• **WORK ORDER**
Exclude images, then output the remaining data verbatim.

• **Stored data**

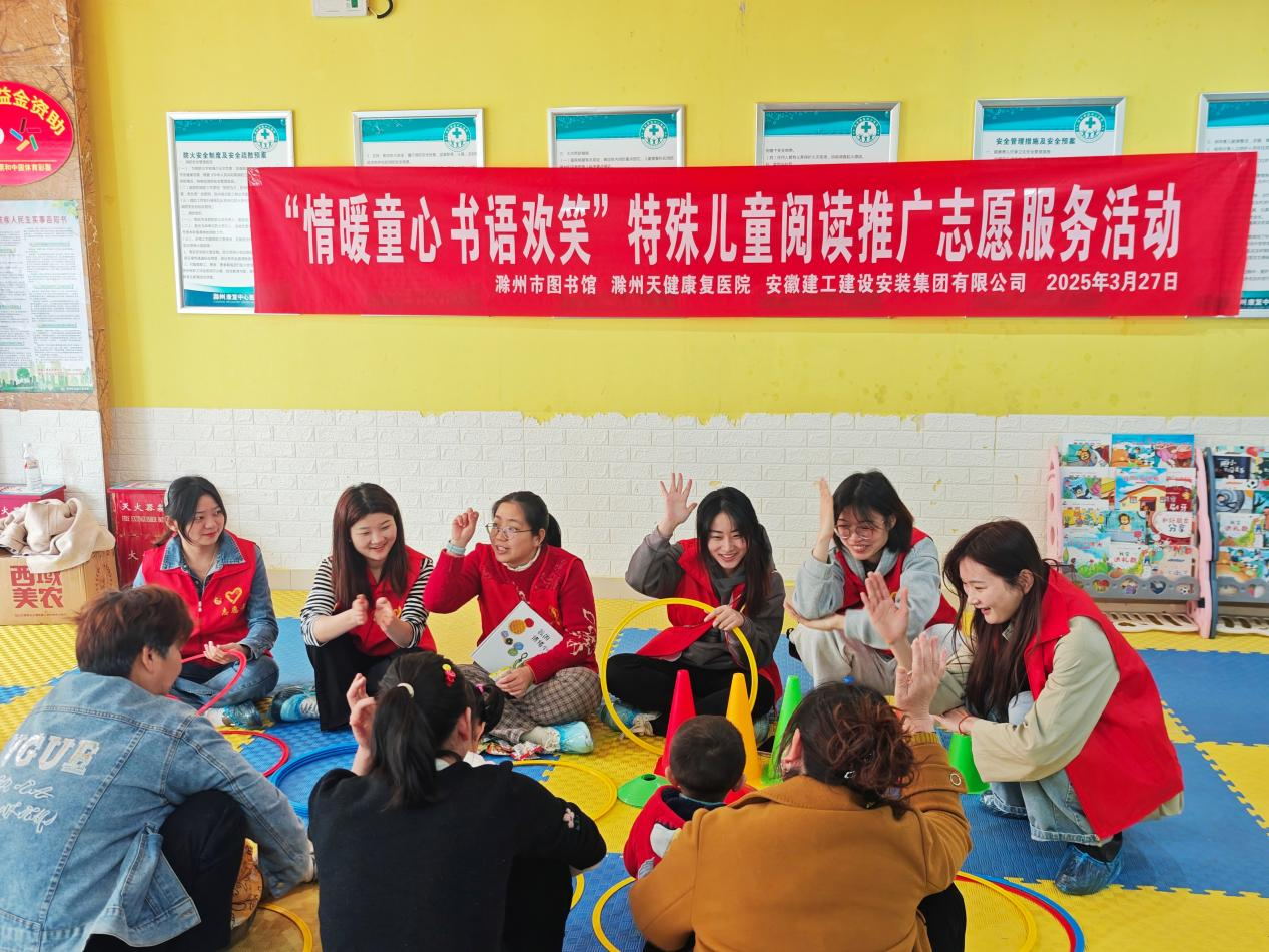 為傳遞社會(huì)關(guān)懷,助力特殊兒童健康成長,3月27日,建工安裝團(tuán)委聯(lián)合滁州市圖書館組織團(tuán)員青年志愿者走進(jìn)滁州康復(fù)醫(yī)院,開展“情暖童心 書語歡笑”特殊兒童閱讀推廣志愿服務(wù)活動(dòng)。志愿者為孩子們送去牛奶、餅干、繪本圖書等愛心物資,用溫暖陪伴為特殊兒童編織美好記憶,用愛心點(diǎn)亮特殊兒童成長路。
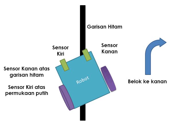 Dalam hal ini, ia berlaku apabila Sensor Kiri mengesan garisan Hitam, manakala Sensor Kanan mengesan lantai putih. Dalam keadaan ini, kita perlukan Robot berputar ke Kiri (lawan jam). Untuk melaksanakan ini, Motor Kiri perlu berputar ke belakang (reverse) dan Motor Kanan berputar ke hadapan (forward). Hasilnya, Robot bergerak ke kiri.
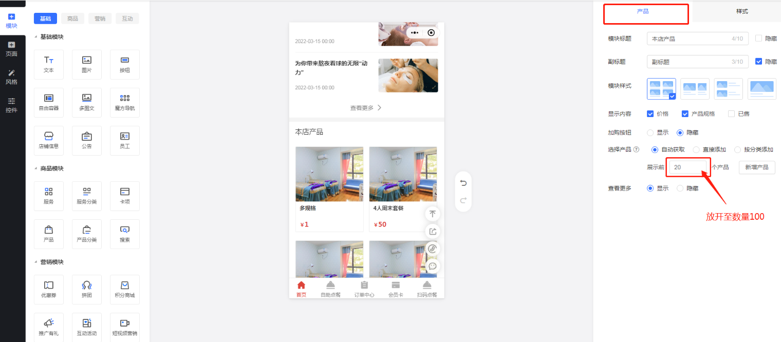 门店产品和服务相关模块现已开放数量限制,满足商家展示需求
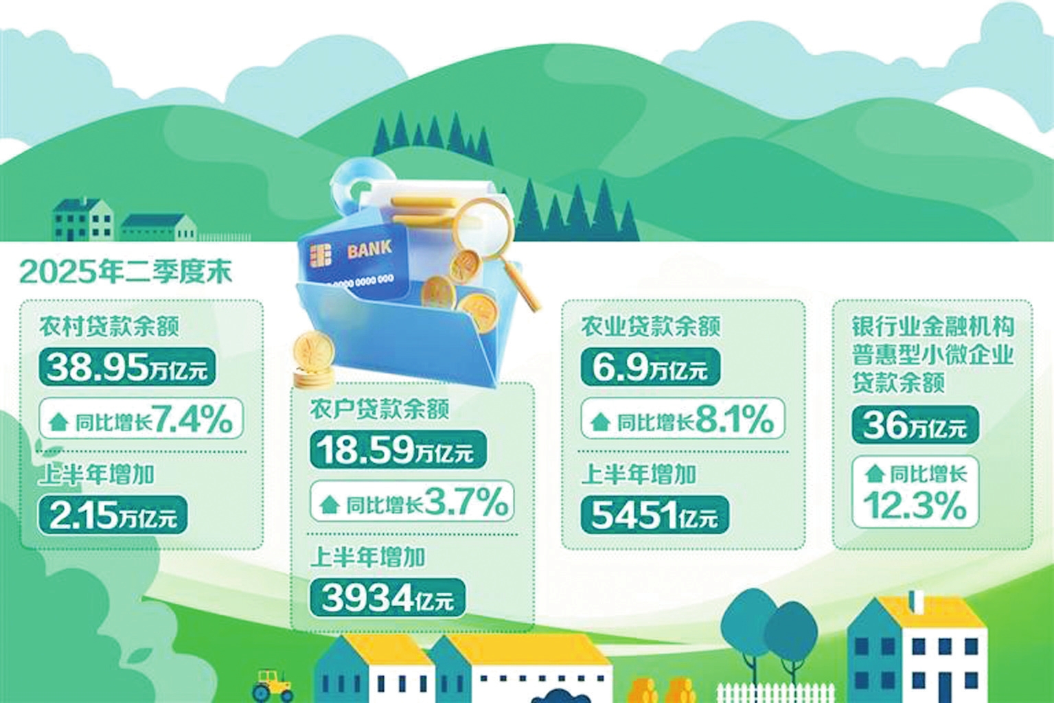 總的來看,今年二季度涉農(nóng)金融投放增量擴(kuò)面。2025年二季度金融機(jī)構(gòu)貸款投向統(tǒng)計報告顯示,2025年二季度末,農(nóng)村貸款余額38.95萬億元,同比增長7.4%,上半年增加2.15萬億元。農(nóng)戶貸款余額18.59萬億元,同比增長3.7%,上半年增加3934億元。農(nóng)業(yè)貸款余額6.9萬億元,同比增長8.1%,上半年增加5451億元。
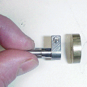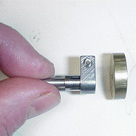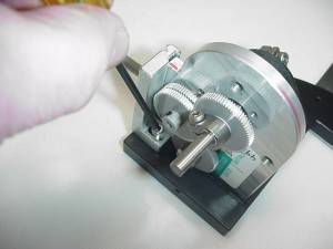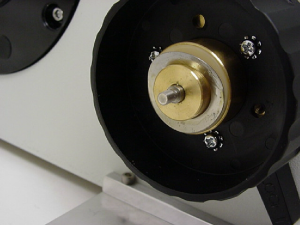 b) Slide the black microscope fine focus knob on to the shaft extension, positioning it so that one of the setscrews that secure it will mate with the flat on the shaft. Tighten the setscrews to secure the knob to the shaft.
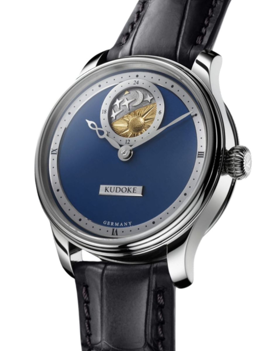 The dial continues the artistic line of the first model, juxtaposing Roman and Arabic numerals on the rhodium-plated chapter rings. Another eye-catcher is Stefan’s hallmark infinity hour hand – the symbol of time itself. Here the KUDOKE 2 expressly decelerates and relaxes the experience of time here with the omission of a seconds hand.

• **TASK ANSWER**
 為傳遞社會(huì)關(guān)懷,助力特殊兒童健康成長,3月27日,建工安裝團(tuán)委聯(lián)合滁州市圖書館組織團(tuán)員青年志愿者走進(jìn)滁州康復(fù)醫(yī)院,開展“情暖童心 書語歡笑”特殊兒童閱讀推廣志愿服務(wù)活動(dòng)。志愿者為孩子們送去牛奶、餅干、繪本圖書等愛心物資,用溫暖陪伴為特殊兒童編織美好記憶,用愛心點(diǎn)亮特殊兒童成長路。
 Dalam hal ini, ia berlaku apabila Sensor Kiri mengesan garisan Hitam, manakala Sensor Kanan mengesan lantai putih. Dalam keadaan ini, kita perlukan Robot berputar ke Kiri (lawan jam). Untuk melaksanakan ini, Motor Kiri perlu berputar ke belakang (reverse) dan Motor Kanan berputar ke hadapan (forward). Hasilnya, Robot bergerak ke kiri.
 门店产品和服务相关模块现已开放数量限制,满足商家展示需求
 總的來看,今年二季度涉農(nóng)金融投放增量擴(kuò)面。2025年二季度金融機(jī)構(gòu)貸款投向統(tǒng)計報告顯示,2025年二季度末,農(nóng)村貸款余額38.95萬億元,同比增長7.4%,上半年增加2.15萬億元。農(nóng)戶貸款余額18.59萬億元,同比增長3.7%,上半年增加3934億元。農(nóng)業(yè)貸款余額6.9萬億元,同比增長8.1%,上半年增加5451億元。
 b) Slide the black microscope fine focus knob on to the shaft extension, positioning it so that one of the setscrews that secure it will mate with the flat on the shaft. Tighten the setscrews to secure the knob to the shaft.
 The dial continues the artistic line of the first model, juxtaposing Roman and Arabic numerals on the rhodium-plated chapter rings. Another eye-catcher is Stefan’s hallmark infinity hour hand – the symbol of time itself. Here the KUDOKE 2 expressly decelerates and relaxes the experience of time here with the omission of a seconds hand.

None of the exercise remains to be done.